[[ Data supplied open ]]

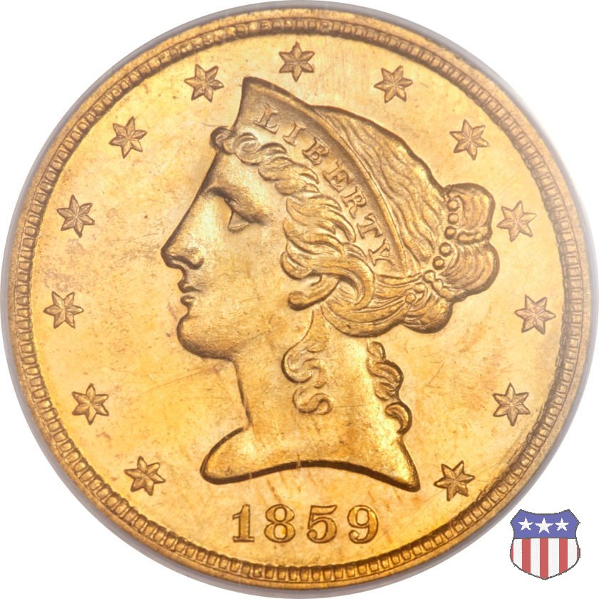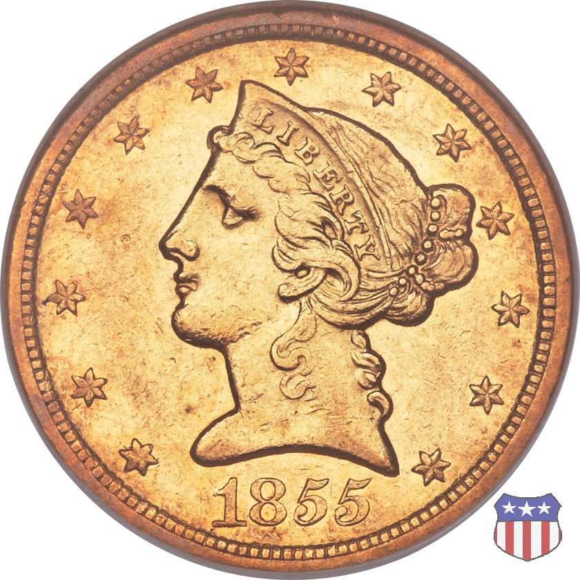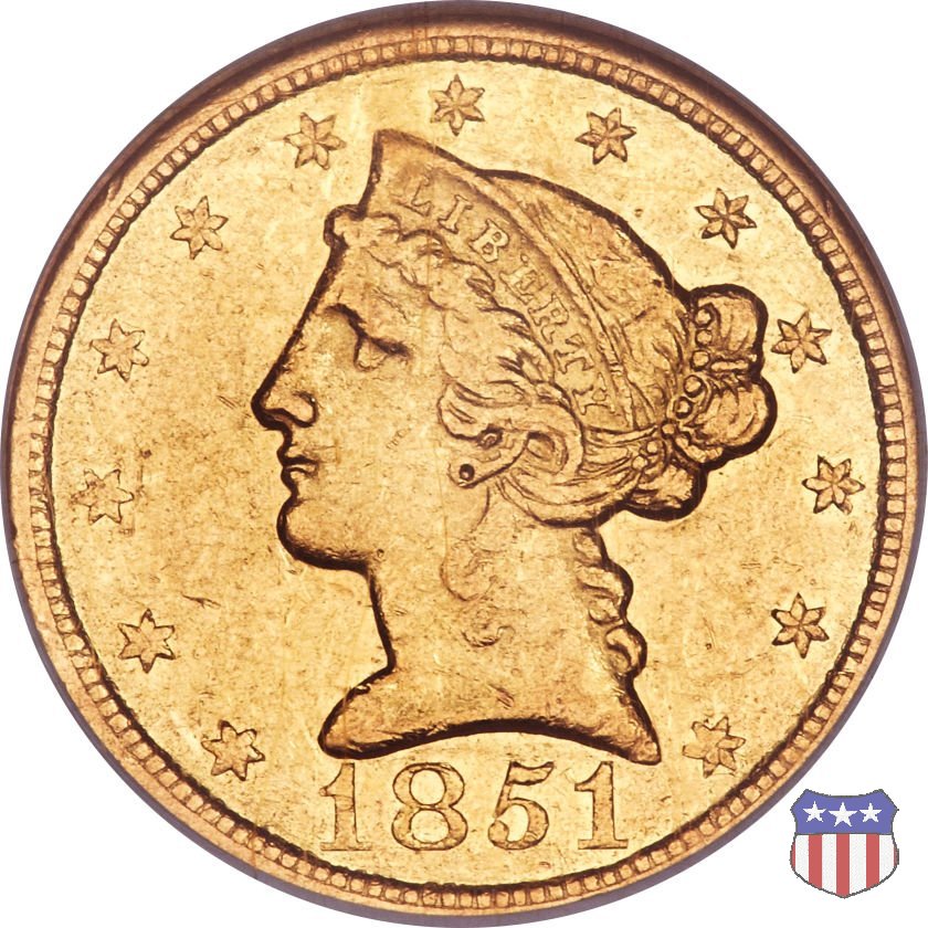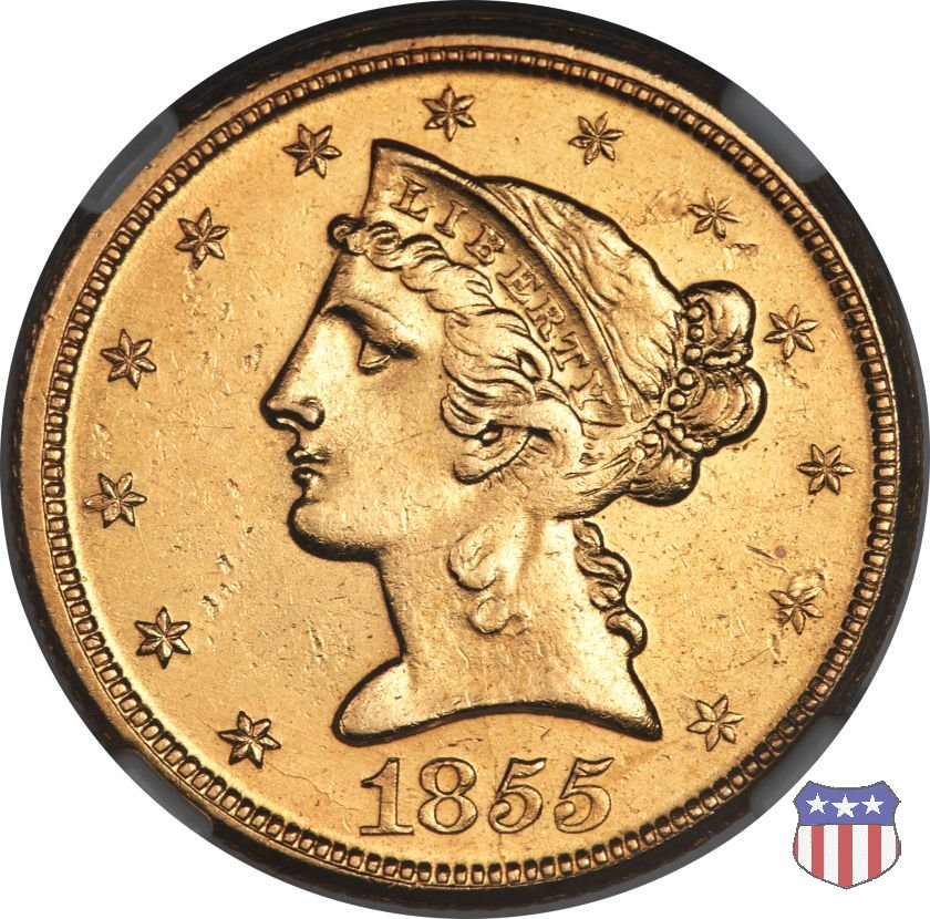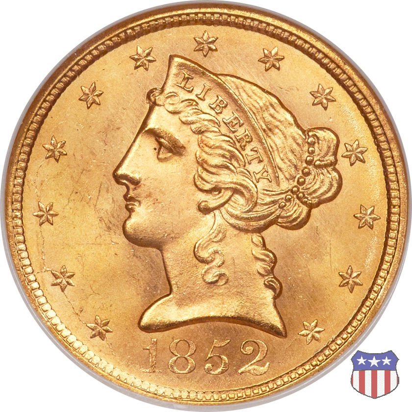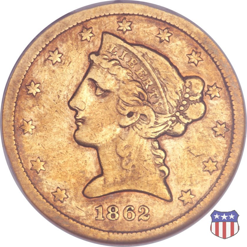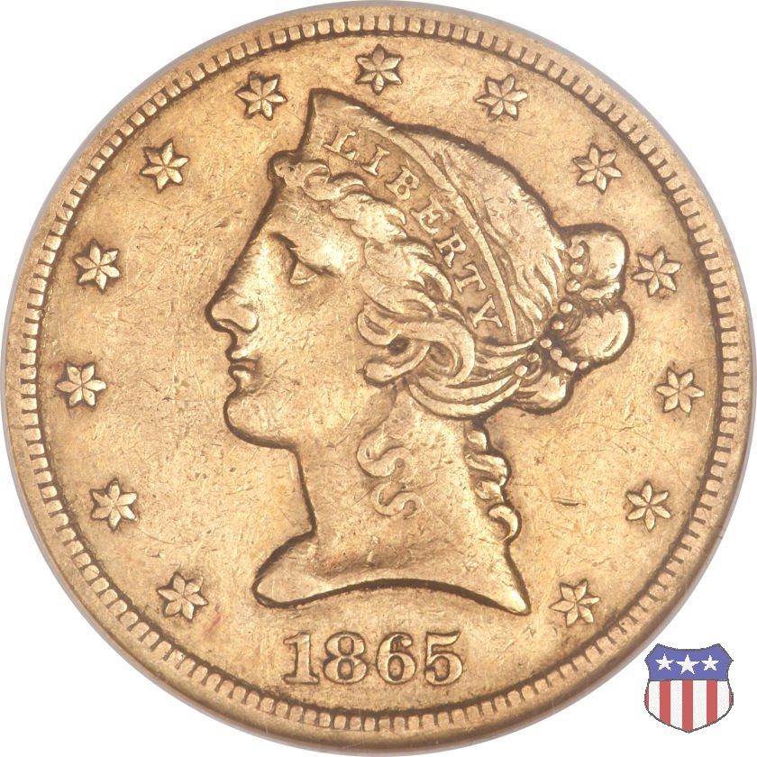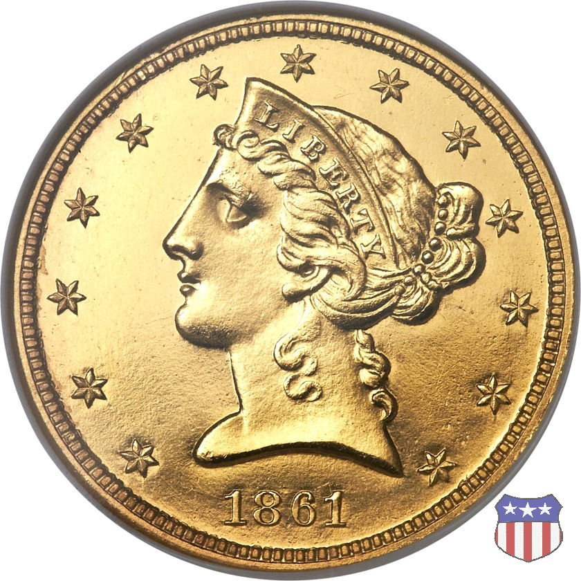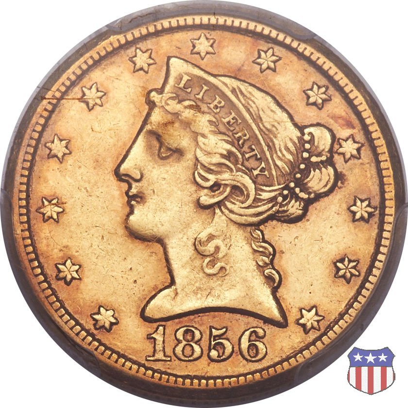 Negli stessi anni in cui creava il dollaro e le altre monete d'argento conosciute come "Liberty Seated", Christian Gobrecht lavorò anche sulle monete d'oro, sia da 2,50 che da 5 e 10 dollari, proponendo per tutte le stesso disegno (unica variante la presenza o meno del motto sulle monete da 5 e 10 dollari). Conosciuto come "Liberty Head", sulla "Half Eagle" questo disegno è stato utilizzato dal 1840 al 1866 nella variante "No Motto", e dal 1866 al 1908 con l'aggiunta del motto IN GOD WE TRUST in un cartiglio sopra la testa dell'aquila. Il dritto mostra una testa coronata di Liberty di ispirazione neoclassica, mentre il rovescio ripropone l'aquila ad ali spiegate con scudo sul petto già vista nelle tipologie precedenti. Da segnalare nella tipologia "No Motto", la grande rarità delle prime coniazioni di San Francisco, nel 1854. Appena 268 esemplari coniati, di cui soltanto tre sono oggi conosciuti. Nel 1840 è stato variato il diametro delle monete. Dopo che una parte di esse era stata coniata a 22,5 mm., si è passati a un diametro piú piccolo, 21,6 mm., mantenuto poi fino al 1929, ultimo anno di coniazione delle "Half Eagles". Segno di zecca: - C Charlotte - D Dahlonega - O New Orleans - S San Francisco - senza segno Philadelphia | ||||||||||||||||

[[ Data supplied closed ]]
[[ Data supplied open ]]

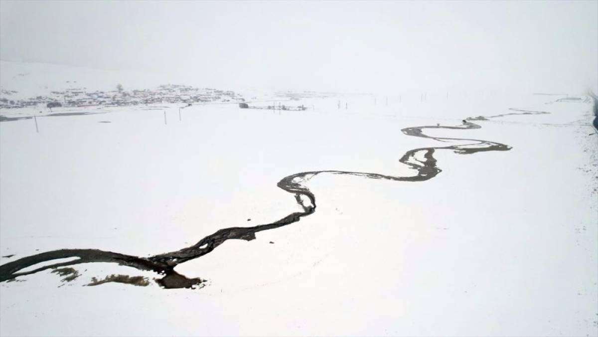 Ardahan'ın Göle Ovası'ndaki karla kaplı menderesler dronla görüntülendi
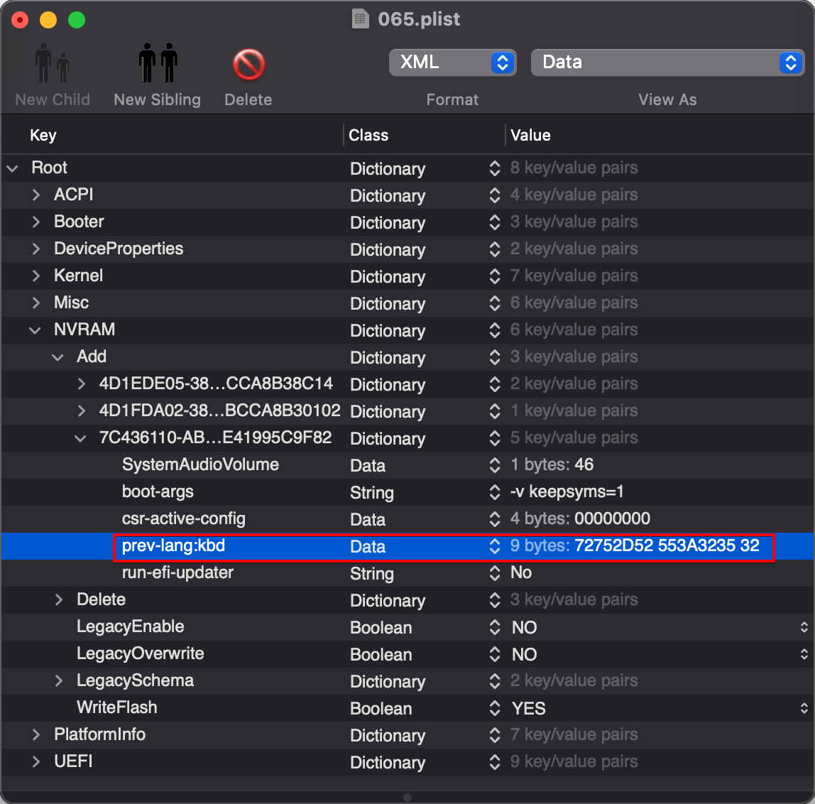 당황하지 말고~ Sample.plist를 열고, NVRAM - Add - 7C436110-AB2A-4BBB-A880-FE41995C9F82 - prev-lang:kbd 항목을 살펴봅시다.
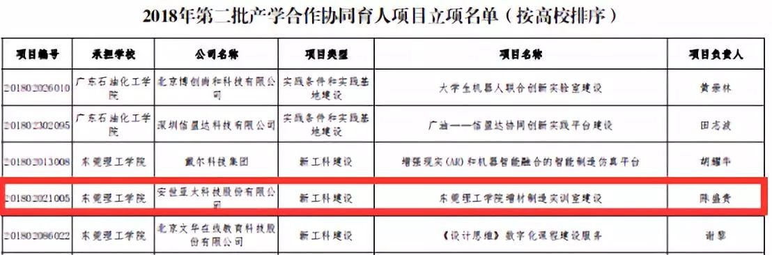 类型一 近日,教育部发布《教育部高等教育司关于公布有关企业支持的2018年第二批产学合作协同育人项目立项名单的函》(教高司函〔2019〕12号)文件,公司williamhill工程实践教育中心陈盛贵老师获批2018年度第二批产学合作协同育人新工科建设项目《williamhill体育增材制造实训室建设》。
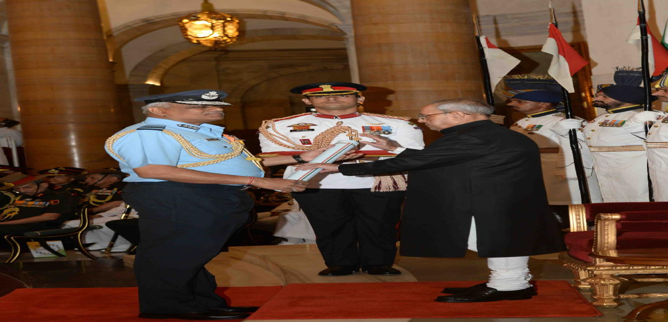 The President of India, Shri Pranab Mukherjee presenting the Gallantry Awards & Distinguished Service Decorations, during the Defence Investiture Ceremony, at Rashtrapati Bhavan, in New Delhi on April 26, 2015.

[[ Data supplied closed ]]
[[ Data supplied open ]]

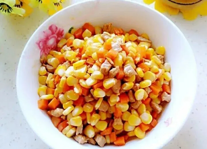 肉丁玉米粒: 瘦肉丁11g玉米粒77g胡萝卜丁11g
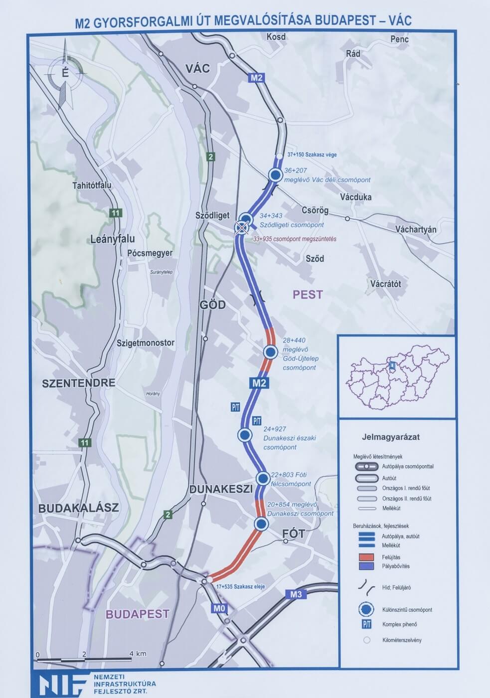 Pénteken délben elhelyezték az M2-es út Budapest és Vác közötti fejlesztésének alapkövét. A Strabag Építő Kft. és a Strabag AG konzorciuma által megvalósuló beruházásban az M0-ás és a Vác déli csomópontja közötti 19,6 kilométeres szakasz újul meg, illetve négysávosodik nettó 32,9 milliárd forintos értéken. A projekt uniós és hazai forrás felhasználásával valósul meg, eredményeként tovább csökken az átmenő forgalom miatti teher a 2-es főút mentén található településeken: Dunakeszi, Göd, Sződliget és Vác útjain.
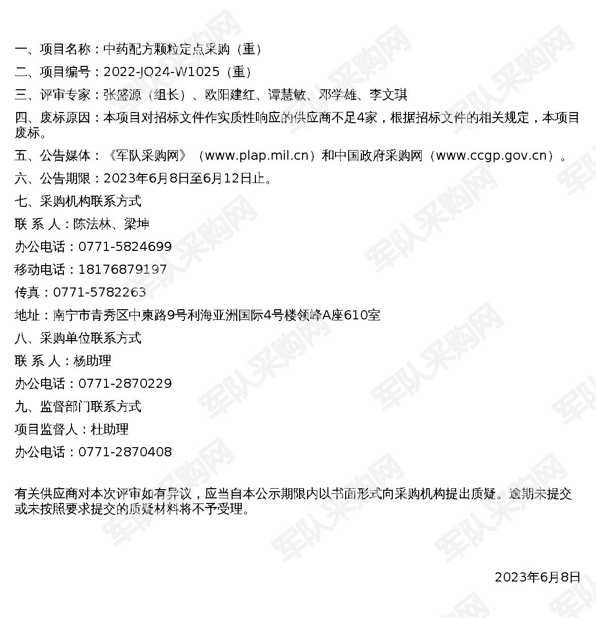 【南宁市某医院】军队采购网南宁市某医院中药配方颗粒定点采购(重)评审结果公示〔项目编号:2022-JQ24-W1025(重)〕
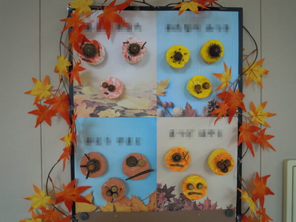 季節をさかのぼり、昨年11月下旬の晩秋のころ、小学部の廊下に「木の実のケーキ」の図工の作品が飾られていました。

[[ Data supplied closed ]]

• [Work instruction]:
Repeat exactly, and only, the entries from the line with "당황하지 말고~ Sample.plist를" through the line with "类型一 近日,教育部发布《教". Pictures are skipped.

• [Response to this exercise]:
 당황하지 말고~ Sample.plist를 열고, NVRAM - Add - 7C436110-AB2A-4BBB-A880-FE41995C9F82 - prev-lang:kbd 항목을 살펴봅시다.
 类型一 近日,教育部发布《教育部高等教育司关于公布有关企业支持的2018年第二批产学合作协同育人项目立项名单的函》(教高司函〔2019〕12号)文件,公司williamhill工程实践教育中心陈盛贵老师获批2018年度第二批产学合作协同育人新工科建设项目《williamhill体育增材制造实训室建设》。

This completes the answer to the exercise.